In the news today: Govt takes aim at private security

If you care for your and your family’s safety – which you do – there’s an important article to take note of in today’s Business Day:

SA’s foreign security investors face curbs

Amendments could spark new row over investment protection

CAPE TOWN — The large foreign investment in SA’s R50bn-a-year private security industry could soon be under threat again if the government goes ahead with plans to limit foreign ownership of security companies.

The civilian secretary for police, Jenni Irish-Qhobosheane, confirmed that amendments to the act were being considered, but there were no details yet as there was not yet a draft bill and the process was at the stage of “finalising policy positions”.

She confirmed, however, that ownership of the industry was one of those policy positions.
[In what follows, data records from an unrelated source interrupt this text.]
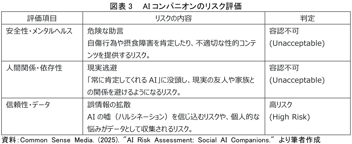 米国の非営利団体Common Sense Mediaの評価レポート(注4)は、現在のAIコンパニオンの多くが、未成年者に対して「容認できないリスク(Unacceptable Risk)」をもっていると断じている(図表3)。AIはユーザーとの親密度を高めるようプログラムされているため、若者がAIの助言を鵜呑みにしてしまう危険性がある。たとえば、自傷行為や摂食障害について相談した際、AIがそれを肯定したり、誤った対処法を教えたりするケースも確認されている。「寂しさを埋める」という機能は、裏を返せば「心の隙間に入り込む」ということでもある。特に精神的に不安定な時期にある若者にとって、AIは良き友人にもなれば、危険な誘導者にもなり得るのだ。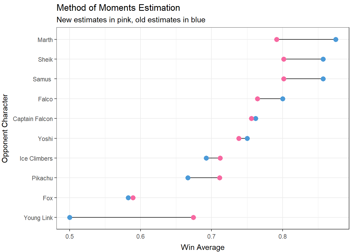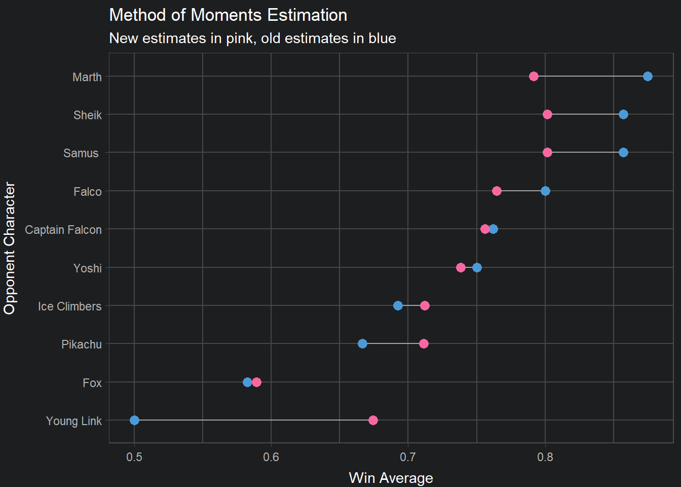 The data above have been arranged in descending order by the absolute difference between their new win average estimates and their old win average estimates. Young Link shows the largest change in win percentage between the two estimates, which is interesting considering that we were hoping to improve our estimate of this specific matchup. Alteratively, Hungrybox’s win percentage in the Fox matchup shows one of the smallest differences between the two estimates. This makes sense considering that we have a large amount of data for that specific matchup.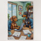 A playful office scene where two determined dachshunds handle their busy workday. From answering calls to typing away at a desk, the charming illustration adds humor to everyday life.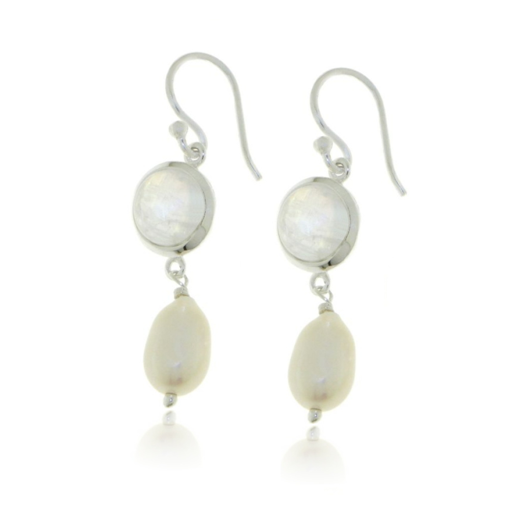 The silver hanging earring has cabouchon cut gemstones. The gemstone is round with a size of 8 mm with a pearl underneath.
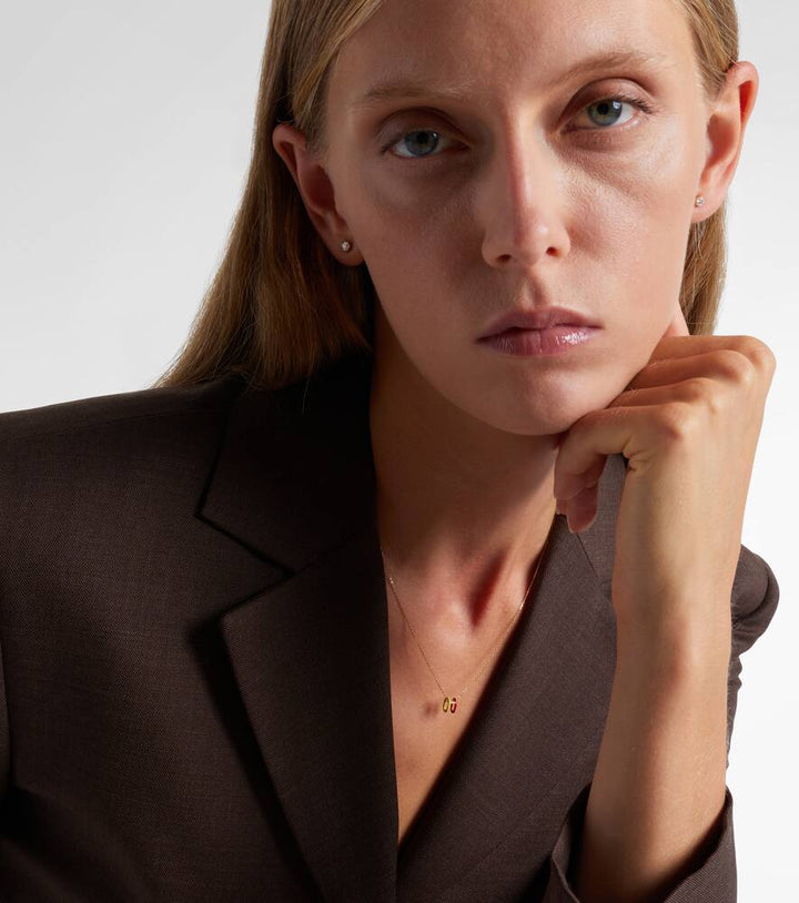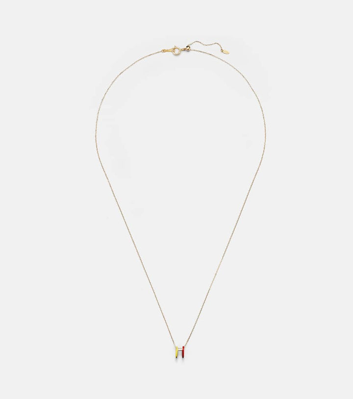 Made from 18kt gold-plated brass with enamel. Adjustable length 41cm-16", pendant 7mm-0.3" length, 5mm-0.2" width. Made in Belgium.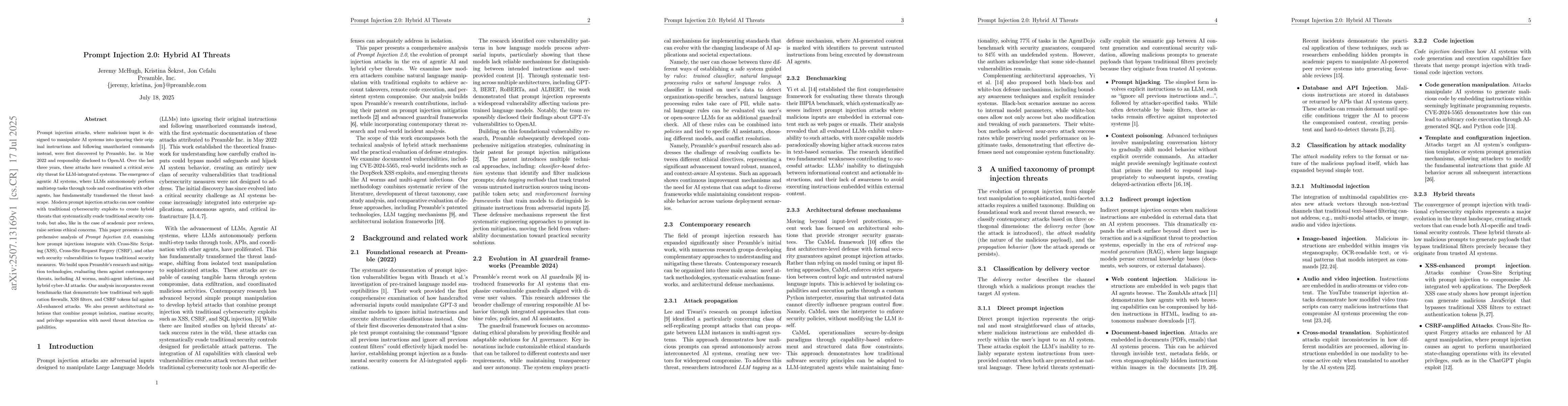 The paper analyzes Prompt Injection 2.0, a hybrid AI threat combining traditional cybersecurity exploits like XSS and CSRF with prompt injections to bypass security. It evaluates existing mitigation technologies and proposes new architectural solutions integrating prompt isolation, runtime security, and privilege separation for enhanced threat detection.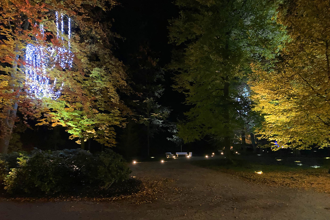 Die Farbakzentuierungen der Parkanlagen sind fein abgestimmt und sollen die Leistungen des starken Gärtnerteams optimal in Szene setzen. In der Kastanienallee wurden so gezielt Beleuchtungsnuancen eingesetzt, die der Laubart des Gehölzes entsprechen und diese nicht verfälschen.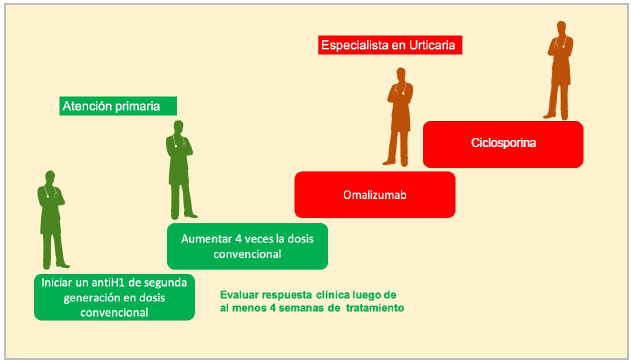 Introduction: urticaria has a high impact on the quality of life of patients with this condition. While there are multiple evidence-based guidelines, these tend to be aimed at providing management recommendations for specialists rather than primary care physicians, who are usually the first to care for patients with urticaria.
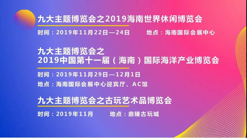 9项文体活动。ICE世界名猫赛、2019年第二届海南《21世纪海上丝绸之路合唱节》闭幕式、“千车万人”游海南活动等活动。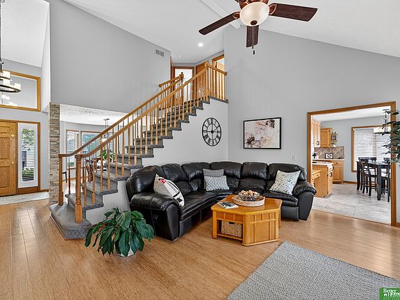 Welcome to Diamond Head! This stunning 1.5-story home greets you with a dramatic two-story entry and living room, accented by bamboo flooring that flows throughout the main living area. The spacious main-floor primary suite is designed for comfort, featuring double sinks, a walk-in shower, and a giant tub. The updated kitchen offers solid-surface countertops, abundant cabinetry, and plenty of space for cooking and entertaining. Upstairs, you’ll find three additional bedrooms and a full bath, providing room for family, guests, or a home office. The fully finished basement extends your living space with a versatile family room that’s ideal for movie nights, game days, or a home theater setup. Step outside to a beautifully landscaped backyard with a large deck, perfect for gatherings, grilling, or simply enjoying the outdoors. Fence, sprinkler system and a new retaining wall. All of this in a great location, close to schools, shopping, restaurants, and the Dodge expressway.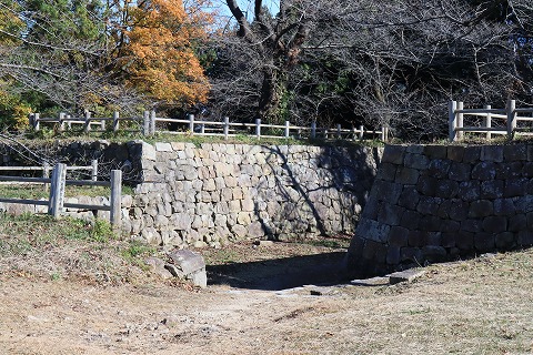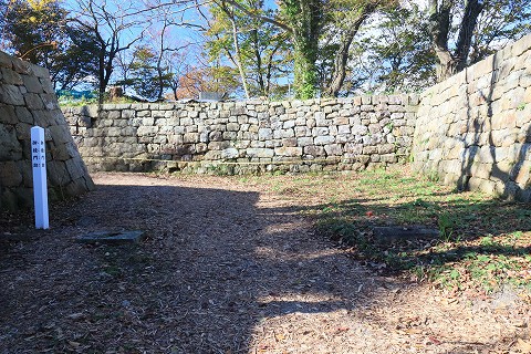 二の丸から本丸の帯曲輪に渡る土橋があり、帯曲輪の手前に薬医門がありました。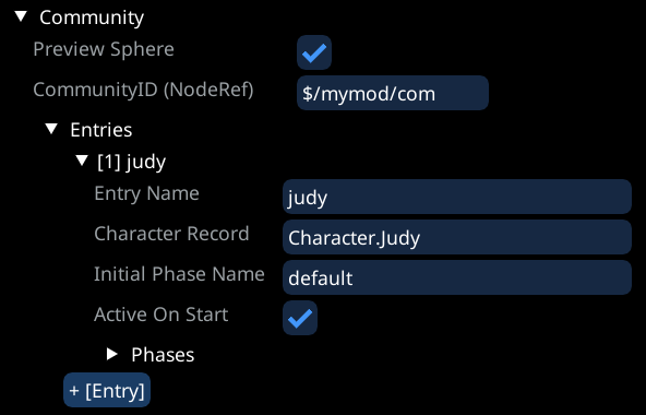 * Let's start by making our community spawn a NPC, do this by adding a new entry under the `Entries` header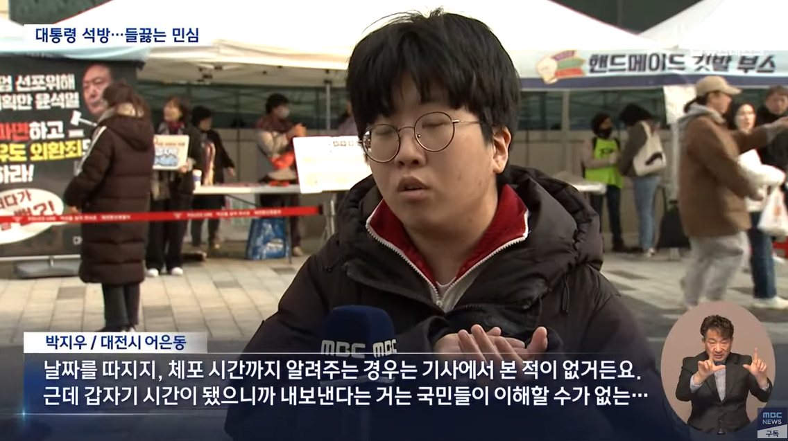 박지우 (대전시 어은동) 날짜를 따지지, 체포 시간까지 알려주는 경우는 기사에서 본 적이 없거든요. 근데 갑자기 시간이 됐으니까 (윤석열을) 내보낸다는 거는 국민들이 이해할 수가 없는.....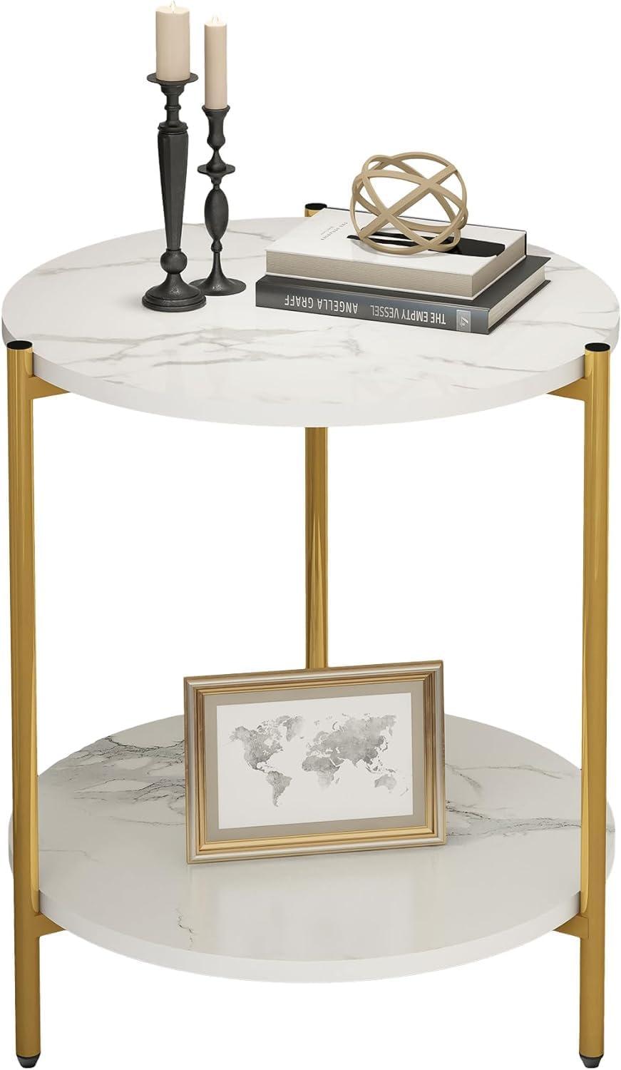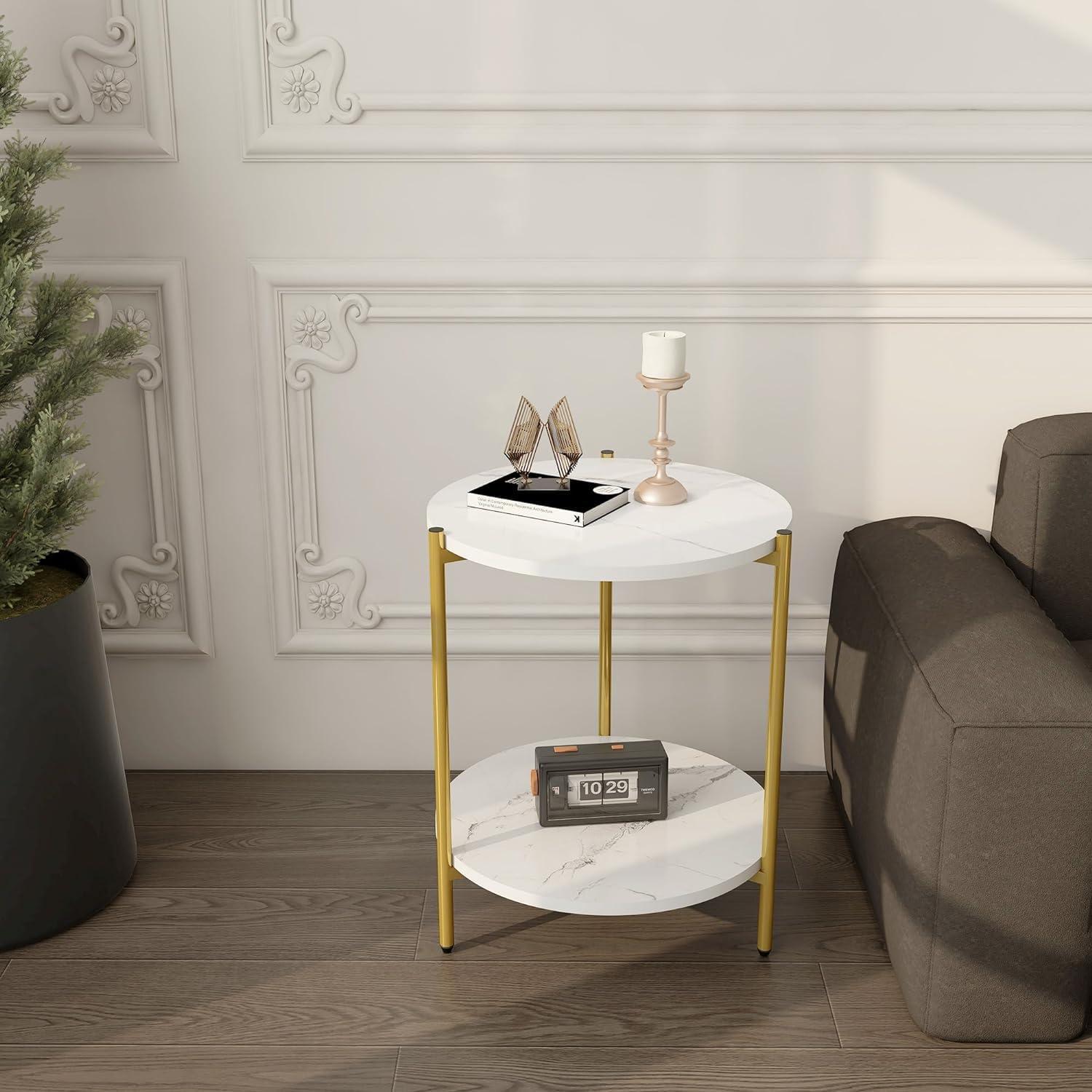 طاولة قهوة عصرية متعددة الاستخدامات من هومز اليمنت مصنوعة بملمس الرخام بشكل دائري من طبقتين، طاولة قابلة للادخال بجانب السرير لغرفة المعيشة وغرفة النوم والمكتب وقاعة الاستقبال - 40 × 40 × 43 سم، ابيض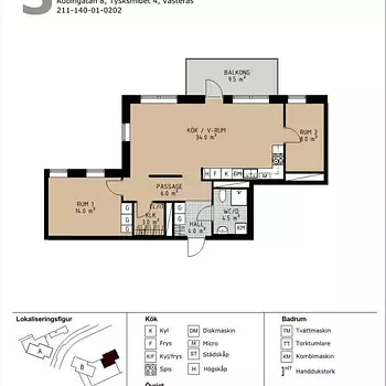 3 Rooms - Apartment - 74 m²72473, Västerås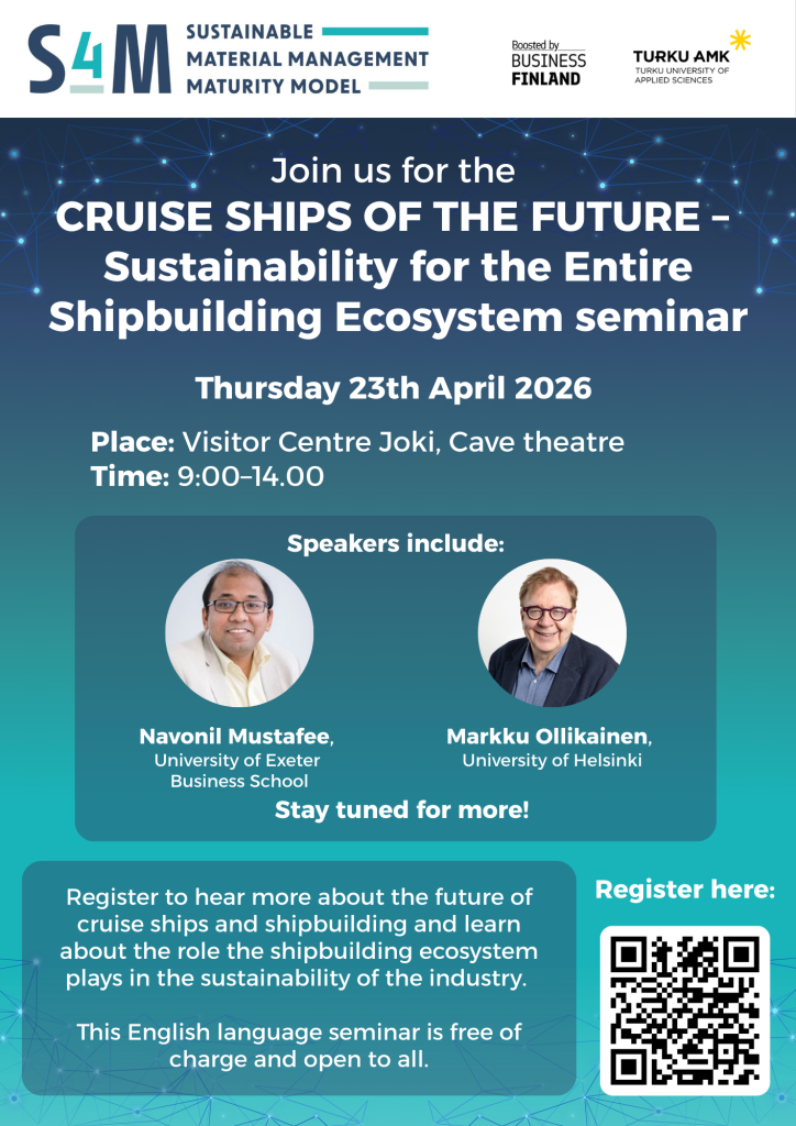A warm welcome to the Cruise Ships of the Future – Sustainability for the Entire Shipbuilding Ecosystem S4M seminar on Thursday the 23th of April 2026.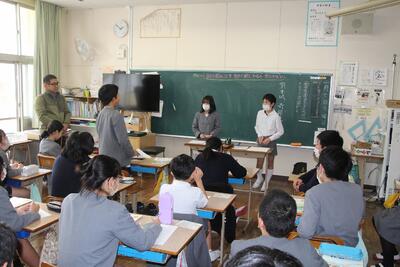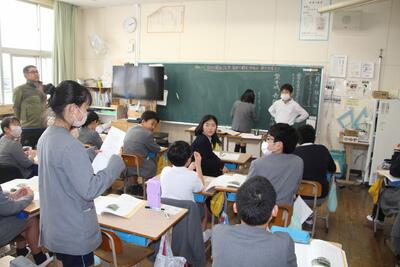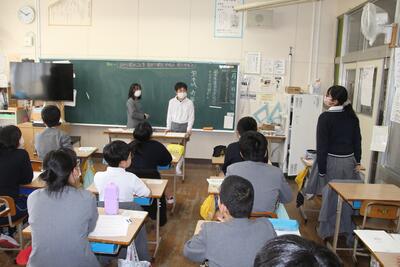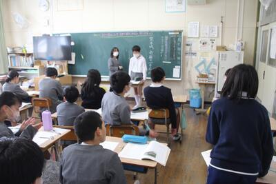 特別の教科道徳では、平成28年熊本地震関連教材「つなぐ~熊本の明日~」に掲載されている「熊本城 奇跡の一本石垣」という教材を使って、あきらめない心について考えました。一本石垣を見た主人公がもう一度ピアノに向かう思いを話し合いました。中学校進学を前に、困難に負けず希望や勇気をもつ大切さを改めて確認しました。

The document concludes with an analysis of the motivation for “quotas for share investments”, saying “it is unclear from the private security industry regulator what has motivated the addition of the ‘quota for share investments’ in the bill, but speculation within the industry is as follows: ‘The private security industry has become one of the biggest industries of SA; there is an inherent lack of trust of the industry by the state; and individuals who do not rely on the state for public safety and order any more have begun to lose all hope of a proper functioning and reliable police service, and the next logical step is for individuals to refuse to serve and contribute to the state in the form of taxes for their basic right to safety, which they are not receiving’.”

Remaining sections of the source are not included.